Vistas de la playa y el paseo maritimo de La Carihuela en Torremolinos (Málaga).
Vistas de la playa y el paseo maritimo de La Carihuela en Torremolinos (Málaga).Garcia-Santos (El Pais)

La industria turística ya estaba llamada en primavera a volver a ser uno de los grandes motores de la economía española. Tras dos años de hundimiento, los buenos datos de la Semana Santa hacían prever para el verano lo que la Organización Mundial del Turismo (OMT) definió como efecto champán: el regreso de las familias hacia sus destinos favoritos tras haberse contenido las ganas de viajar durante la pandemia. El ahorro y el fin de las restricciones facilitaron el descorche. Cundió el optimismo. “Con la enorme demanda, la sensación era que este iba a ser un verano espectacular”, relata Ricardo Fernández, director general de la agencia de viajes Destinia. Muchos lugares, desde A Coruña a Formentera, han colgado este puente el cartel de completo.

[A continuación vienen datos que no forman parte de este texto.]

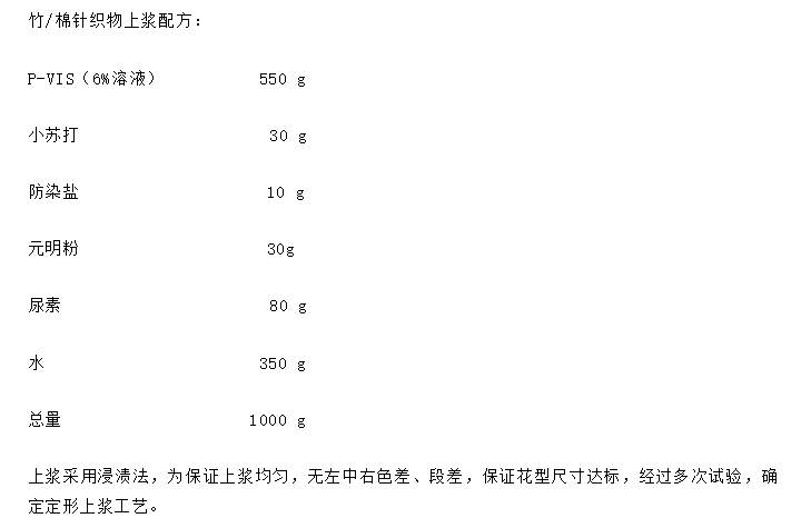 由于數(shù)碼噴印的墨水是水溶性的,噴印之前布要經(jīng)過上漿,把活性染料固色所需的助劑在上漿的過程中一起施加在布上,采用天然改性和合成聚合物的混合物P-VIS糊料上漿,脫糊性好,和活性染料及助劑的相容性好,賦予數(shù)碼印花織物良好的得色率和輪廓清晰度。

Sin embargo, la actividad no ha escapado de la inflación galopante que atraviesa medio mundo: para los empresarios, la consecuencia directa ha sido la pérdida de rentabilidad. Para el consumidor, que las vacaciones de verano estén más caras que nunca. El dinero se derrite como el hielo.

Juan Ignacio Pulido, profesor de Economía Aplicada al Turismo en la Universidad de Jaén, explica por qué, a pesar de las circunstancias, la clase media española apenas ha renunciado a sus vacaciones. “Es un gasto incorporado ya a la cesta de la compra”, afirma. Es decir, buena parte de la población ya incluye los viajes en el presupuesto familiar. Según el experto, es una prioridad solo superada por alimentación, salud, educación y vivienda. Es lo que ha permitido al sector, según la Encuesta de Población Activa del Instituto Nacional de Estadística, volver a los 2,7 millones de trabajadores que tenía en 2019, un año récord para el turismo en España. Entonces llegaron al país 83,7 millones de personas y el volumen de facturación superó los 154.000 millones de euros —el 12% del PIB nacional—, según los datos de Exceltur.

Esa es la referencia que se usa como base para medir cómo va 2022. El volumen de junio se aproxima pero sigue siendo algo inferior: un 15% por debajo de las cifras precovid. Pero el gasto es casi el mismo que hace tres años por el efecto de la inflación. Es precisamente el aspecto que más influye en estas vacaciones veraniegas —según Hosteltur, para la mitad de los españoles es el factor esencial— que se deja notar en estancias y destino. Cancelaciones, apenas hay. “Este año viajamos menos días y lo hacemos más cerca, pero nos vamos”, subraya Pulido mientras pasa sus vacaciones en Roquetas de Mar (Almería).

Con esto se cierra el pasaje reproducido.